• [Data extracts]:
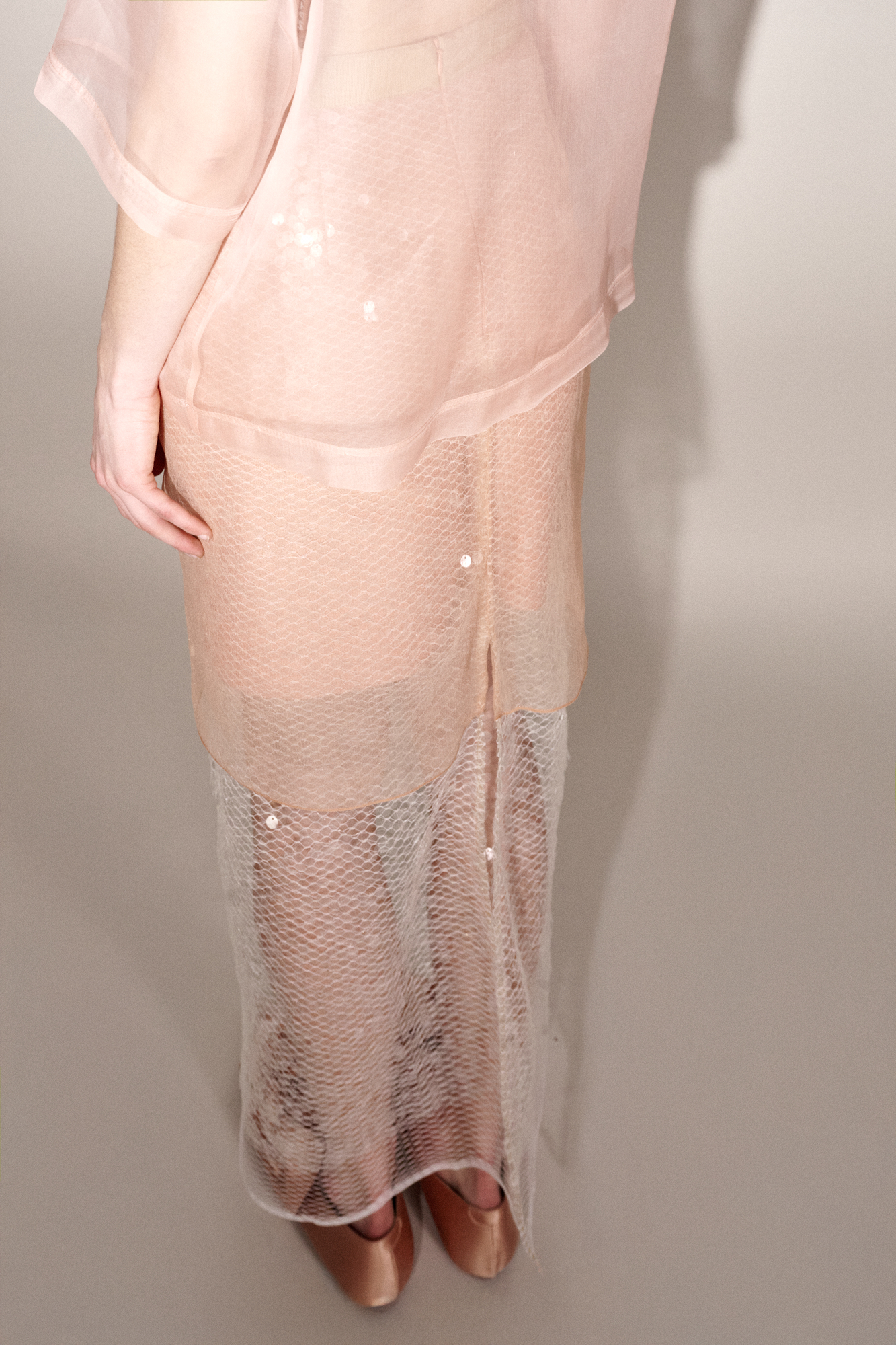 Lange, rechte en transparante rok met een subtiele glans, uitgevoerd in witte paillettentule. Het ontwerp speelt met transparantie door gelaagde materialen in verschillende lengtes.
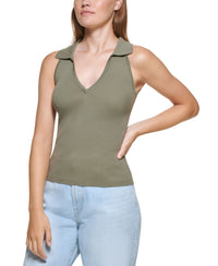 DKNY Jeans Womens V-Neck Polo Tank Top Sweater
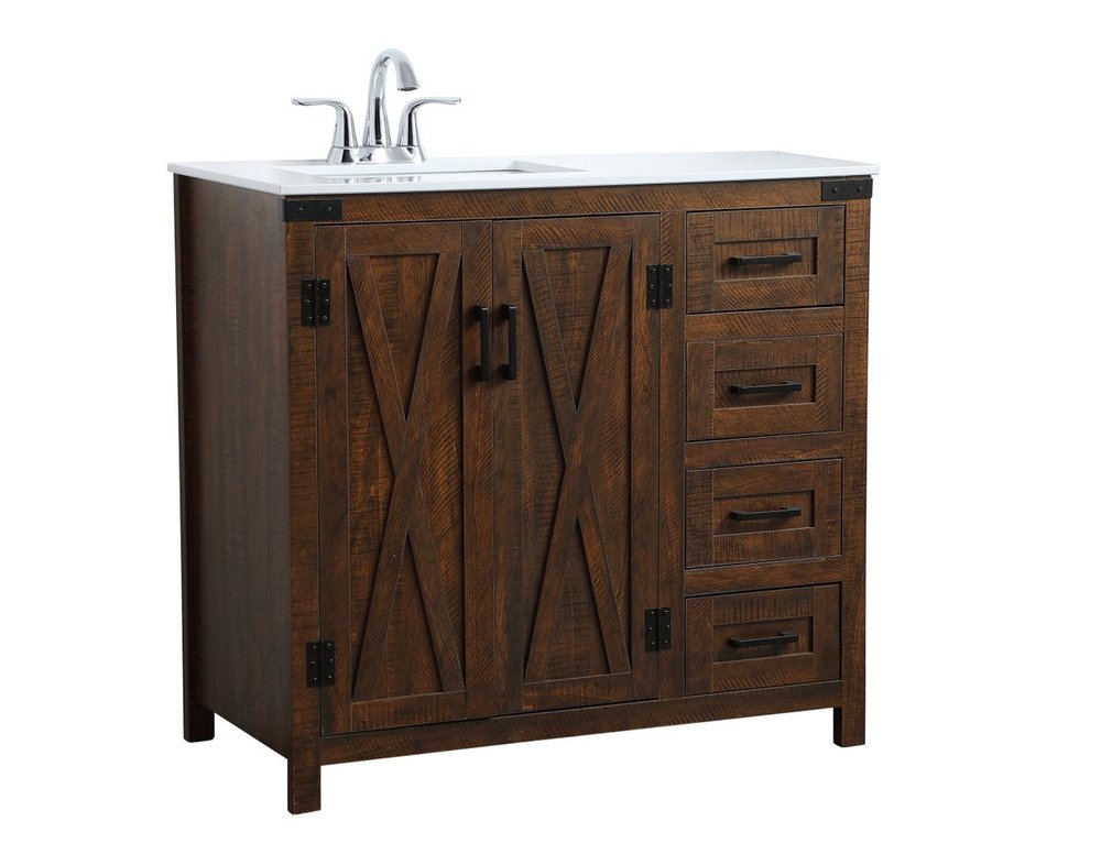 The 36" espresso finish vanity recalls a time of rustic nature. Reminiscent of barn doors, the 2 door cabinet and 4 drawers add both stylistic charm and function with its plethora of storage options for all your bathroom miscellany. Whether for your bathroom or the guests', everyone will marvel at its lively personality.
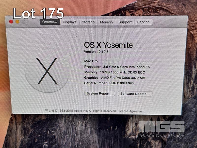 APPLE MAC PRO "CYLINDER" (A1481), XEON E5-1650 v2 @ 3.5GHz, 16GB ECC DDR3 RAM, 256GB SSD, 2 x 3GB AMD FIREPRO D500 VIDEO, Wi-Fi, BLUETOOTH, MAC OS 10.10 INSTALLED (NO CABLE, NO KEYBOARD, NO MOUSE) S/N:F5KQ100EF693
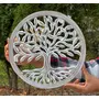 TIBETAN RITUAL CURTAIN Handcrafted Wooden Tree of Life Wall Decor Hanging Art (White)
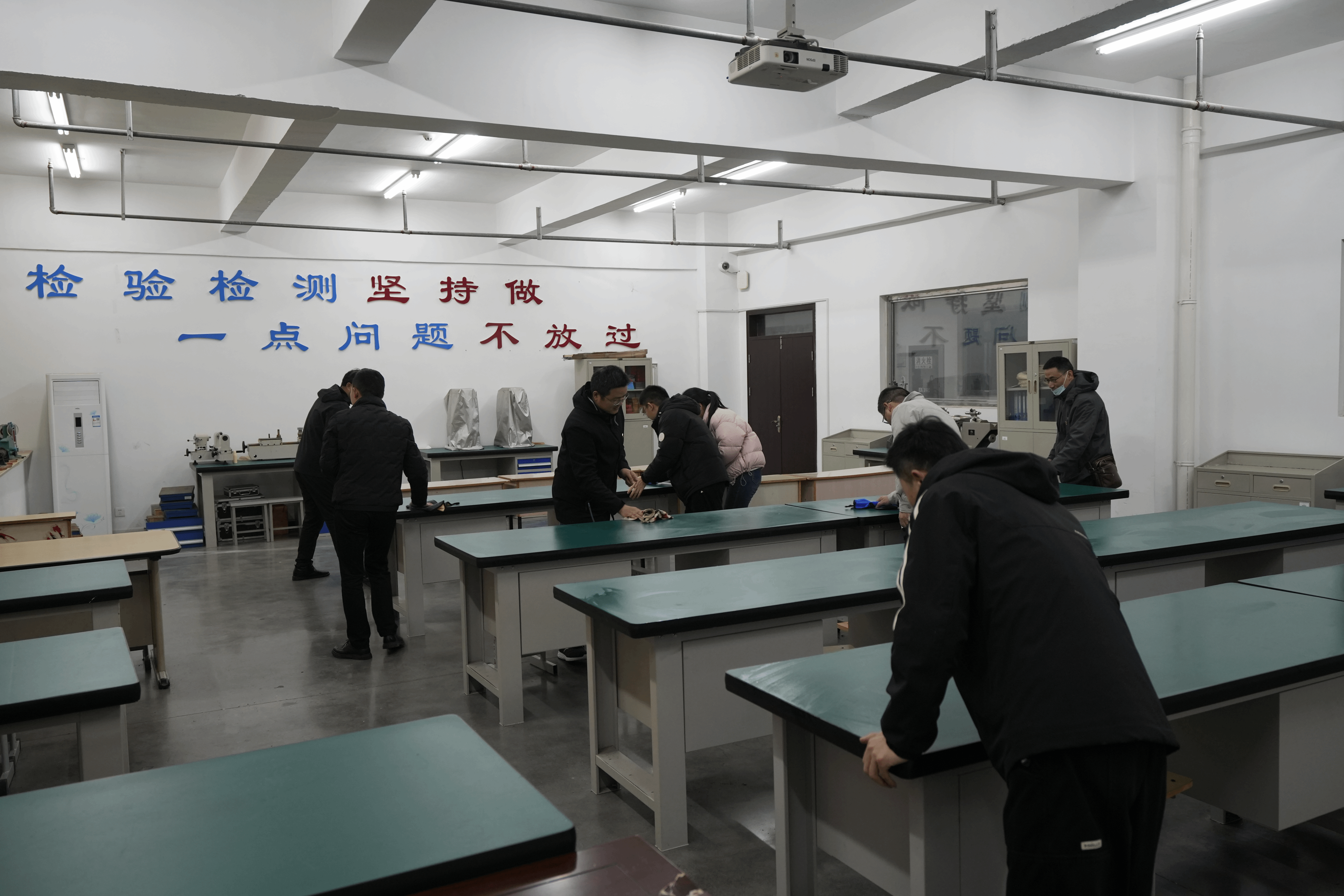 全体党员同志到机械技术学院实训室和马克思主义学院会议室、实验室开展大清扫志愿服务,活动现场,党员同志们手拿抹布认真擦拭实验实训设备、课桌椅等,同时对卫生死角进行了清扫。

• [Prompt]:
Leaving out all pictures, repeat word for word the lines from the one containing "its lively personality." through the final line of the material above.

• [Solution below]:
 The 36" espresso finish vanity recalls a time of rustic nature. Reminiscent of barn doors, the 2 door cabinet and 4 drawers add both stylistic charm and function with its plethora of storage options for all your bathroom miscellany. Whether for your bathroom or the guests', everyone will marvel at its lively personality.
 APPLE MAC PRO "CYLINDER" (A1481), XEON E5-1650 v2 @ 3.5GHz, 16GB ECC DDR3 RAM, 256GB SSD, 2 x 3GB AMD FIREPRO D500 VIDEO, Wi-Fi, BLUETOOTH, MAC OS 10.10 INSTALLED (NO CABLE, NO KEYBOARD, NO MOUSE) S/N:F5KQ100EF693
 TIBETAN RITUAL CURTAIN Handcrafted Wooden Tree of Life Wall Decor Hanging Art (White)
 全体党员同志到机械技术学院实训室和马克思主义学院会议室、实验室开展大清扫志愿服务,活动现场,党员同志们手拿抹布认真擦拭实验实训设备、课桌椅等,同时对卫生死角进行了清扫。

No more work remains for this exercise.